Rell Delivers Veto On Bill To Allow For Medical Marijuana

June 19, 2007

Ted Mann, The Day (CT)

Cancer survivor Gov. M. Jodi Rell has said she is sympathetic to those who want to give those suffering from the disease and the side effects of its invasive treatments the right to smoke marijuana to ease their pain, nausea and weakness.

But Rell blocked that effort Tuesday when she vetoed a bill allowing the “palliative use” of marijuana, saying her compassion for victims of cancer and other chronic and terminal conditions did not trump her reservations over a bill that would have put those patients in violation of federal drug laws.
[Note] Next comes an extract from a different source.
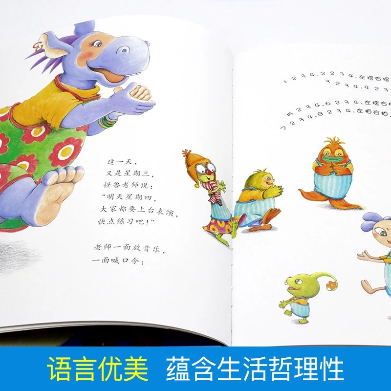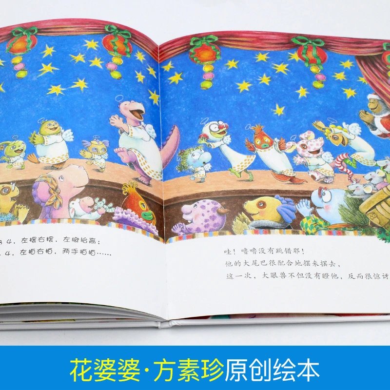 《花婆婆·方素珍原创绘本馆:天天星期三》讲述的是,每个星期三恐龙噜噜都要跟怪兽老师上舞蹈课,可他怎么学也学不会。该抬右脚时抬了左脚,该拍手时摇起了头。这一天,又是星期三。老师说,明天星期四大家都要上台表演。噜噜真希望星期四别来。他央求小天使把每天都变成了星期三,小天使满足了噜噜的愿望。噜噜开始挺高兴,可后来又觉得不对劲。因为,星期三的次日还是星期四啊。每天都是星期三,就等于每天的次日都是星期四。每天的次日是星期四,就等于每天都得准备次日上台表演。所以,噜噜宁愿上台表演!图书由台湾画家郝洛玟小姐绘画。

“I am not unfamiliar with the incredible pain and heartbreak associated with battling cancer, and I have struggled with the decision about signing or vetoing this bill,” Rell said in her veto message. “I completely sympathize with the well-intentioned goal of alleviating pain and suffering, but legal alternatives are available, the bill forces law-abiding citizens to seek out drug dealers to make a purchase, and there is no provision for monitoring use or proof of its effectiveness.”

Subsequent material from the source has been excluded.